Reputation: 832
Apologies if this is a dupe (I tried all manner of searches!). This is driving me nuts...
I need a quick fix to replace à with a space.
I've tried the following, with no success:
$str =~ s/Ã/ /g;
$str =~ s/\xC3/ /g;
What am I doing wrong here ?
Upvotes: 0
Views: 258
Reputation: 949
Following this, for the simple "quick fix" Wonko was looking for:
tr/ -~//cd;
Upvotes: 0
Reputation: 159
You need to specify that you want UNICODE and not Latin-1 (or another encoding). If you're reading from a file then:
#!/usr/bin/perl
open INFILE, '<:encoding(UTF-8)', '/mypath/file';
while(<INFILE>) {
s/\xc3/ /g;
print;
}
I'll break that down better for you:
In <:encoding(UTF-8)
you are specifying that you want to read (the <), and that you want UNICODE (the :encoding(UTF-8)
part).
If you weren't using unicode you would use:
open INFILE, '<', '/mypath/file';
or
open INFILE, '/mypath/file';
because by default perl will read. If you want to write you use >:encoding(UTF-8)

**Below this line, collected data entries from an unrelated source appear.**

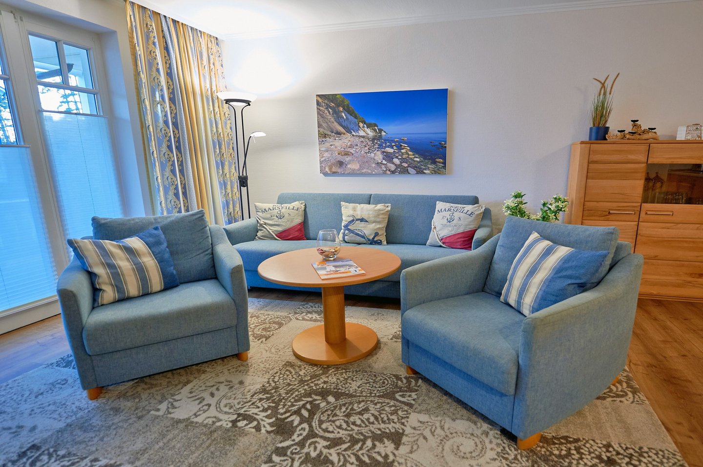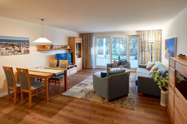 Vom Flur aus gelangt man in den komfortabel ausgestatteten Wohnbereich mit ausziehbarer Couch, 2 Sesseln, Esstisch für 4 Personen, Smart-TV und BluRay-Player. Die harmonisch in den Wohnraum integrierte, hochwertige Küchenzeile ist mit einem 4-Zonen-Ceran-Herd inkl. Backofen, Mikrowelle, Kühlschrank mit Gefrierfach, Geschirrspüler und diversem Kleininventar vollumfänglich ausgestattet. Eines der Highlights der Wohnung ist die dem Wohnzimmer vorgelagerte, überdachte Terrasse mit Süd-Ost-Ausrichtung - das Meeresrauschen gibt´s bei günstigem Wind gratis dazu. Das Appartement verfügt weiterhin über ein großzügig geschnittenes, helles Schlafzimmer mit Verdunklungsvorhängen und einem bequemen Doppelbett (2x2 m) in Komforthöhe. Das moderne Duschbad mit italienischem Granit, großen Spiegelflächen und Deckenspots unterstreicht den gelungenen Gesamteindruck der Wohnung. Ein großzügiger Verbindungsraum zwischen Schlafzimmer und Badezimmer dient als begehbarer Kleiderschrank und Abstellraum gleichermaßen.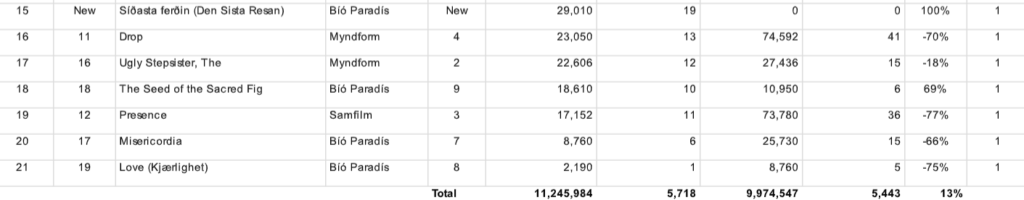 Í þriðja sæti listans er svo Sinners, sem var í öðru sæti í síðustu viku.
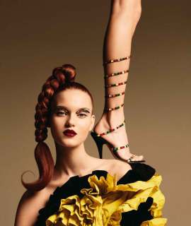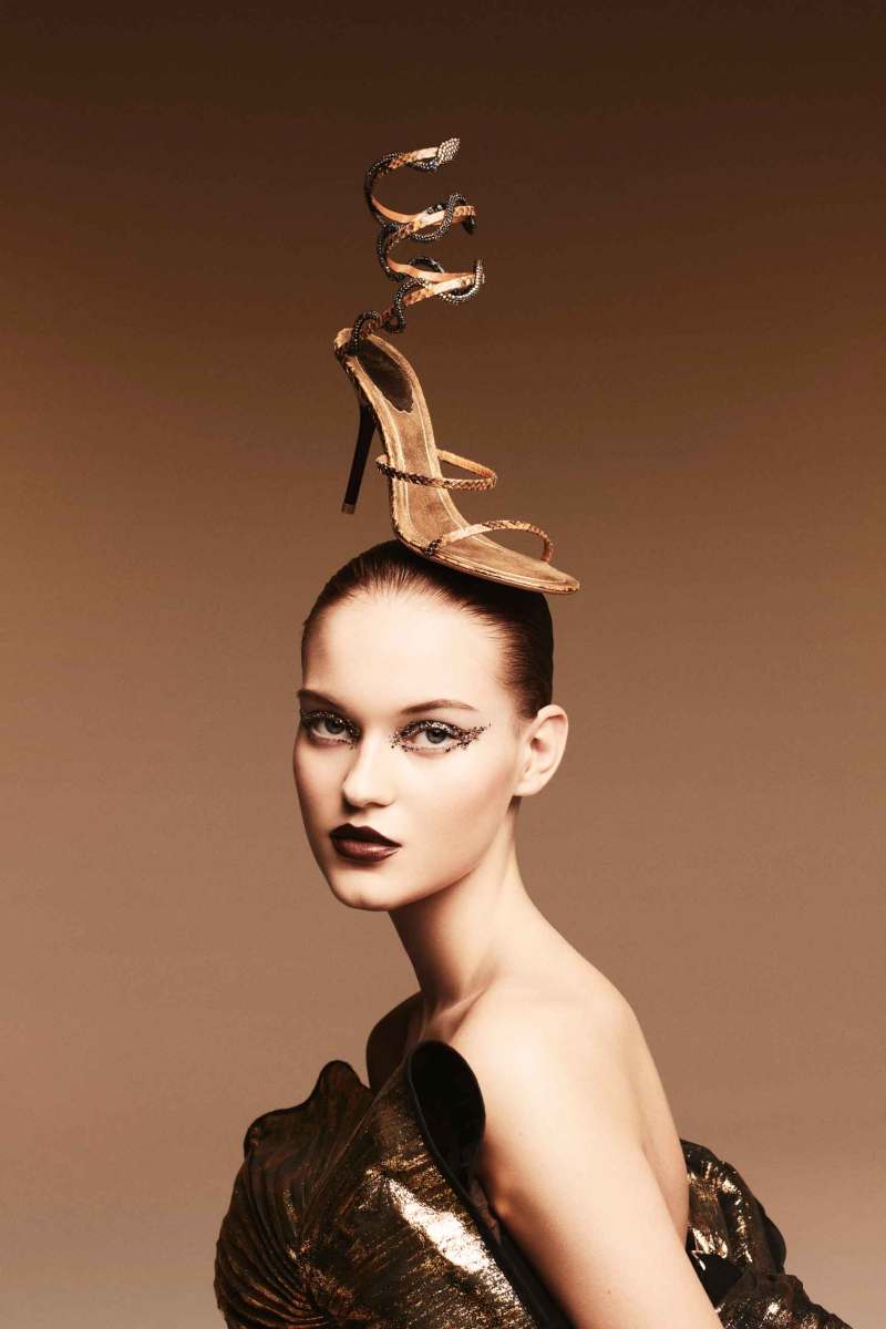Da sempre, René Caovilla disegna scarpe gioiello che sono sinonimo e risultato di un lavoro artistico minuzioso che miscela perfettamente arte ed eccellenza creativa e progettuale. Il modello “Cleo” rappresenta l’essenza della personalità della Maison, nonché i vari canoni estetici e i simboli cardine ripresi nelle varie creazioni: il motivo a serpente che avvolge elegantemente la caviglia e le decorazioni sontuose applicate a mano.

and if you want to append (because the >
overwrites the file) you use >>:encoding(UTF-8)
.
Hope it helped!
There is another answer that specifies how to do binmode(STDIN, ":utf8")
if you're trying to unicode from STDIN.
Upvotes: 0
Reputation: 118445
The statement "replace à with a space" is meaningless, because the statement does not specify which encoding is used for the character in question.
The context of this statement could be using the UTF-8 encoding, for example, as well as one of several ISO-8859 encodings. Or, maybe even UTF-16 or UTF-32.
So, for starters, you need to specify, at least, which encoding you are using. And after that, it's also necessary to specify where the input or the output is coming from.
Assuming:
1) You are using UTF-8 encoding
2) You are reading/writing STDIN
and STDOUT
Then here's a short example of a filter that shows how to replace this character with a space. Assuming, of course, that the Perl script itself is also encoded in UTF-8.
use utf8;
use feature 'unicode_strings';
binmode(STDIN, ":utf8");
binmode(STDOUT, ":utf8");
while (<STDIN>)
{
s/Ã/ /g;
print;
}
Upvotes: 6